By 2000, the Golden Glove shortstop was one of the biggest free agents on the market. With the Mariners unwilling to pay top dollar for his service, and he moved to Texas. Rodriguez signed a 10-year deal worth over $275 million with the Texas Rangers.
While he packed his bags three years later, his three-year stint in Texas may have been the best of his career. During the 2002 season, Rodriguez hit 57 home runs and batted in 142 runners. With the Rangers looking to retool, however, they traded him to New York.
In New York, Rodriguez may have been the best player on the team. But Derek Jeter was the face of the franchise, and the unforgiving fans expected a lot. Rodriguez performed nearly as well as he did in Texas, but the franchise wanted more. In 2008, however, everything changed when Rodriguez was implicated in a steroid scandal that tore his reputation to shreds.
A different scandal cost him his 2014 season. Rodriguez won a World Series in 2009, but Rodriguez’s role was growing smaller and smaller. By the time he retired in 2016, he was more of a nuisance than a star.
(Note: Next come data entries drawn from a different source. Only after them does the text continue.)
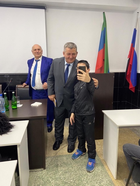 Среди заданных вопросов он  выделил вопрос студентки 4 курса 1 группы сестринского дела Гереевой Карины "Как к вам относится ваш отец"и студента 2 курса 4 группы сестринского днла  Ибрагомова Ибрагима " Что самое сложное в спорте" , за эти вопросы студенткы получили его книгу .
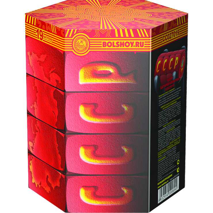 Если бы фейерверк "СССР" выпускался в советское время, он бы непременно получил "Знак качества", а его создатели - звание Ударников производства или даже Героев труда! Шутка ли - в небольшой салют на 19 зарядов впихнуть такое количество первосортных эффектов! Золотые хризантемы, трещащие жемчужные облака, золотые ивы с парчовым эффектом, серебряными, зелеными и синими искрами... достойный рабоче-крестьянский ответ загнивающей буржуазии, покупающей 300-залповые батареи!
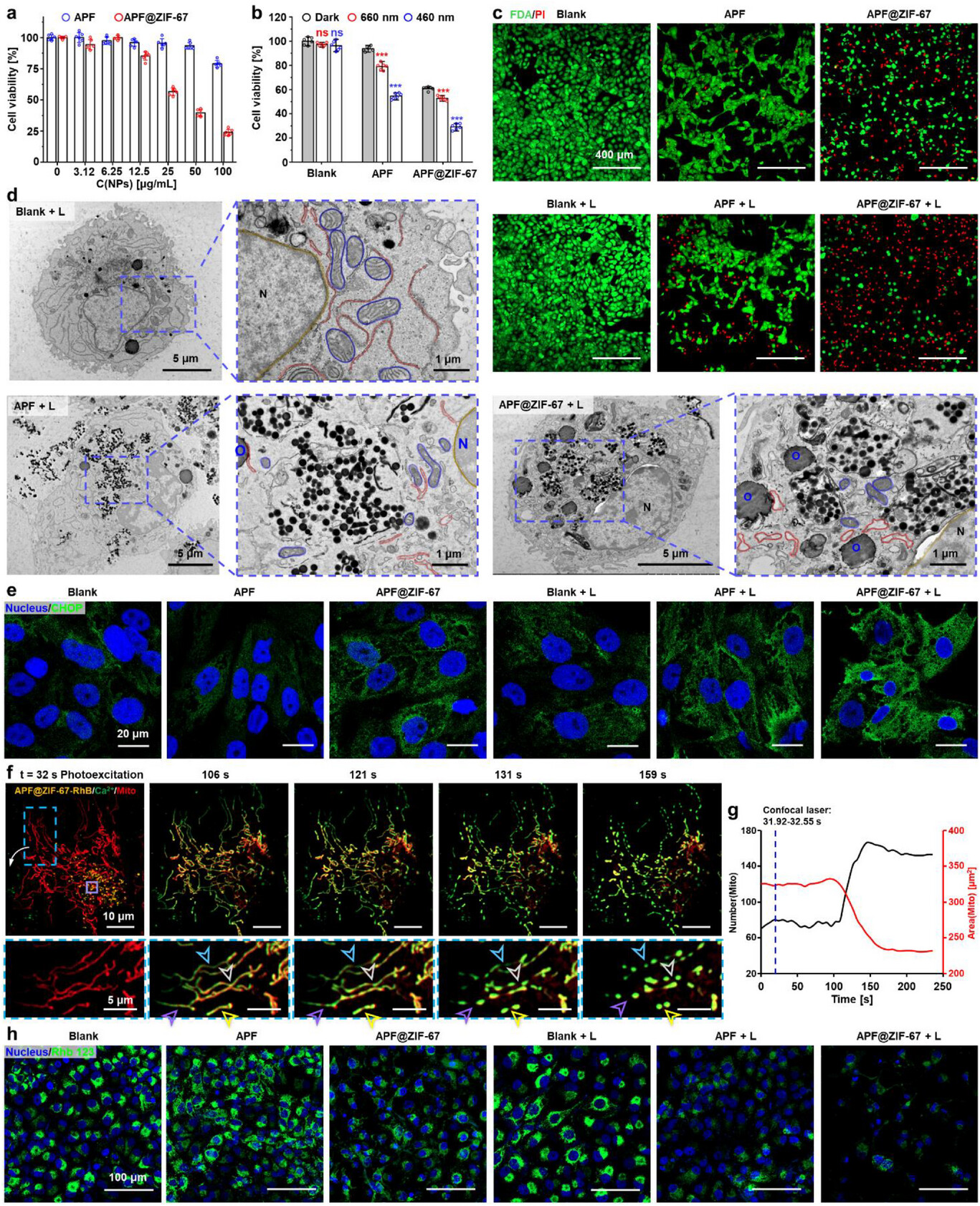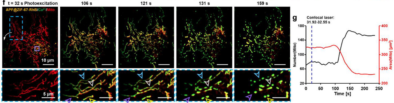 光激活后的 Ca2+会迅速富集在线粒体上,线粒体Ca2+过载后即会发生断裂,由连续管状网络转变为离散颗粒状结构(箭头可以看出)。为准确评估线粒体的损伤程度,线粒体的数量与面积进行了量化分析,可以看出线粒体断裂后线粒体增加并面积减少。(图2)

However, despite the tumultuous career he played, Rodriguez made one correct decision.
Rodriguez plays it safe
Professional athletes have a terrible reputation as financially irresponsible individuals. From the lower-end players who do not make headlines to some of the world’s biggest superstars of their sports, several players have faced financial ruin after forgetting that their careers were finite, but bills continued after their retirement.
Despite earning almost a half-billion dollars, Rodriguez wanted to make sure his future was as lucrative as his past. This self-proclaimed fear was what drove him. He began his investment career with A-Rod Corp. Investor.
From investments in real estate to several products, Rodriguez built an investment empire that is bringing in the big bucks to this day. Now, his company employs more than 500 like-minded people who want to make some money while changing the world. Rodriguez wants this to be a part of his legacy with everything he did on a baseball diamond.
“When people think about my career, they think about the championships, the RBIs, the home runs, but what they don’t realize is that I’m fifth all-time in striking out, so that means I have a Ph.D. in failing,” Rodriguez, told Hispanic Network Magazine. “But I also have a master’s in getting back up, and that’s what America is all about: getting back up, not getting defined by your mistakes. That’s what I try to push and encourage.”
Rodriguez treats every investment as an opportunity for growth and change, according to Forbes. He meticulously vets every opportunity to ensure that it is suitable for him and his co-investors. Now, he is looking bigger. He recently made headlines thanks to his failed attempt at buying the Mets. While that fell through, it showed that Rodriguez is looking past the investments that make him millions and looking even bigger.
Time will tell if that dream becomes reality, but aside from the scandals and the missteps on the field, Rodriguez has a lot to teach the next generation about financial responsibility.